### [DATA]
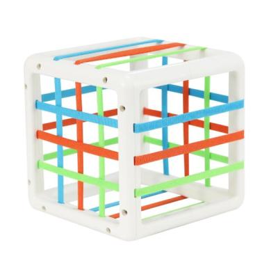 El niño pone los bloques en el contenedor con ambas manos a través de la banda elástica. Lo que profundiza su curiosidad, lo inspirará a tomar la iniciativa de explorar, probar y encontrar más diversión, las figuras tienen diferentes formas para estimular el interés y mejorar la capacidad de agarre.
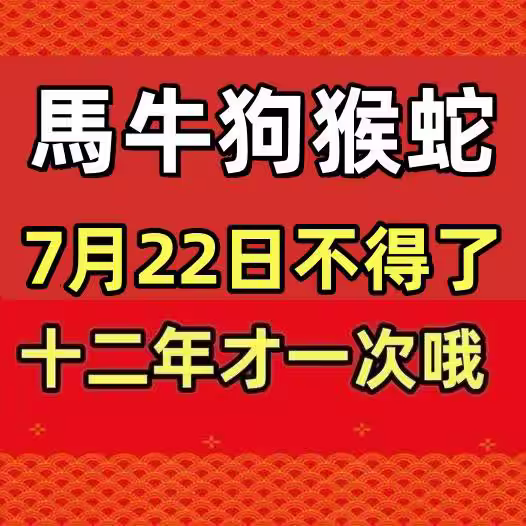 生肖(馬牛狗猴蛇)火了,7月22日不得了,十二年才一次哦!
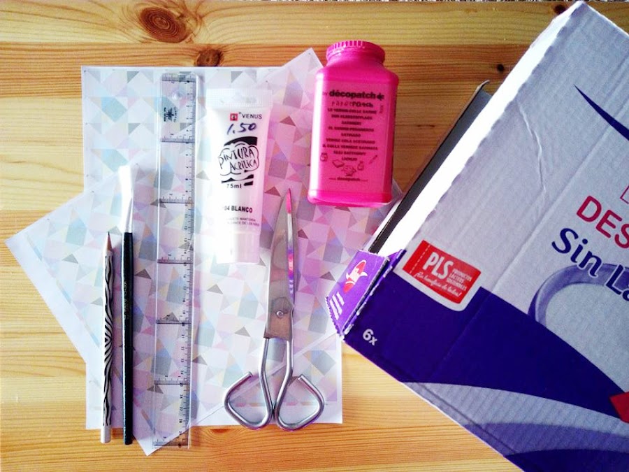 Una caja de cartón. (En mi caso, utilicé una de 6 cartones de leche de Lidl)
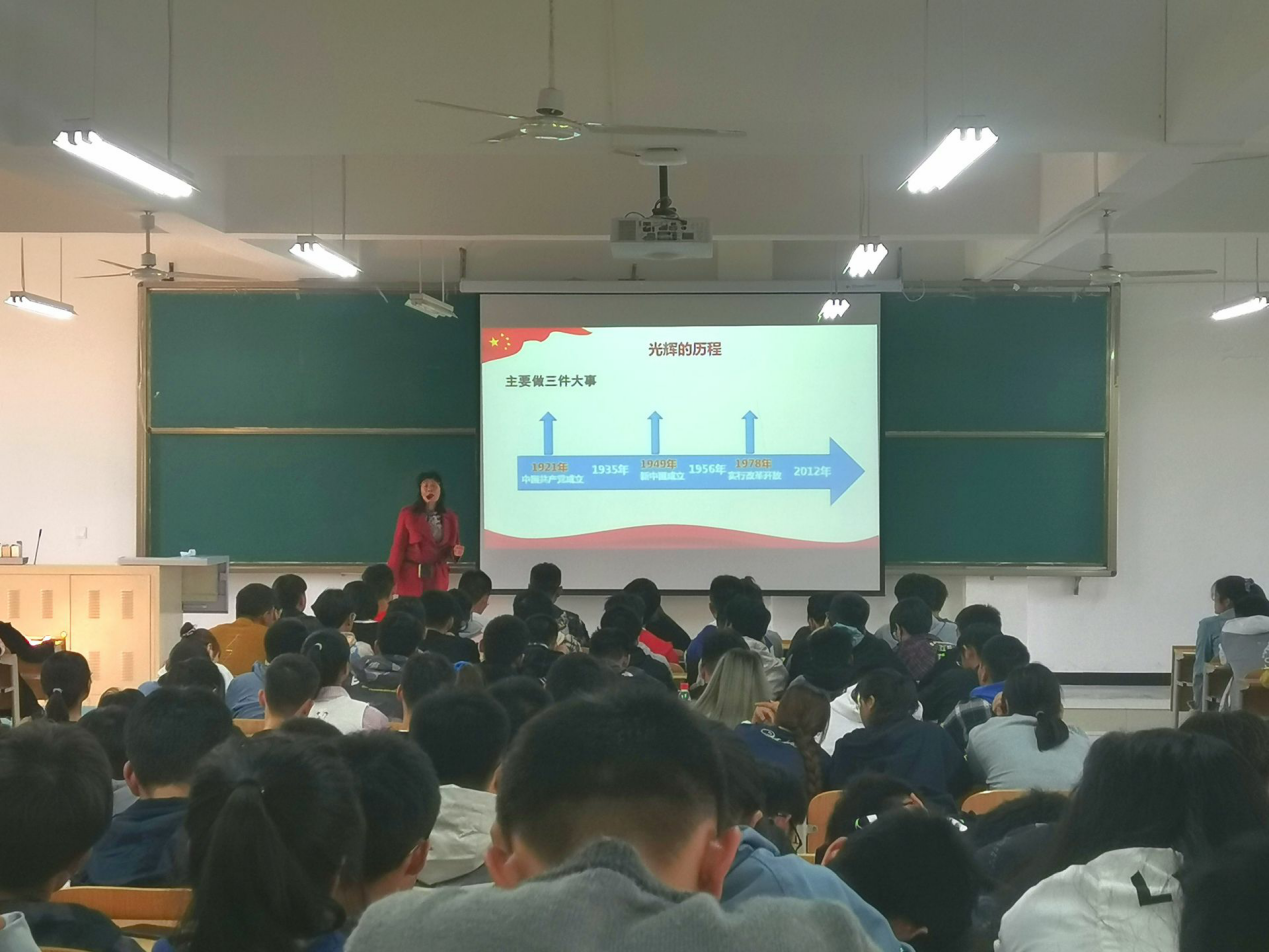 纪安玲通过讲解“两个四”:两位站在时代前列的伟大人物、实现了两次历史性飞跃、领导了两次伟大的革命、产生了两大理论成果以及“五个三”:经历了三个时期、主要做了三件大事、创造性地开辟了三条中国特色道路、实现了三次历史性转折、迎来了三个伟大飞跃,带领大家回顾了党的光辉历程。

### [YOUR GOAL]
Make an exact copy of the data, leaving its pictures out.

### [RESULT]
 El niño pone los bloques en el contenedor con ambas manos a través de la banda elástica. Lo que profundiza su curiosidad, lo inspirará a tomar la iniciativa de explorar, probar y encontrar más diversión, las figuras tienen diferentes formas para estimular el interés y mejorar la capacidad de agarre.
 生肖(馬牛狗猴蛇)火了,7月22日不得了,十二年才一次哦!
 Una caja de cartón. (En mi caso, utilicé una de 6 cartones de leche de Lidl)
 纪安玲通过讲解“两个四”:两位站在时代前列的伟大人物、实现了两次历史性飞跃、领导了两次伟大的革命、产生了两大理论成果以及“五个三”:经历了三个时期、主要做了三件大事、创造性地开辟了三条中国特色道路、实现了三次历史性转折、迎来了三个伟大飞跃,带领大家回顾了党的光辉历程。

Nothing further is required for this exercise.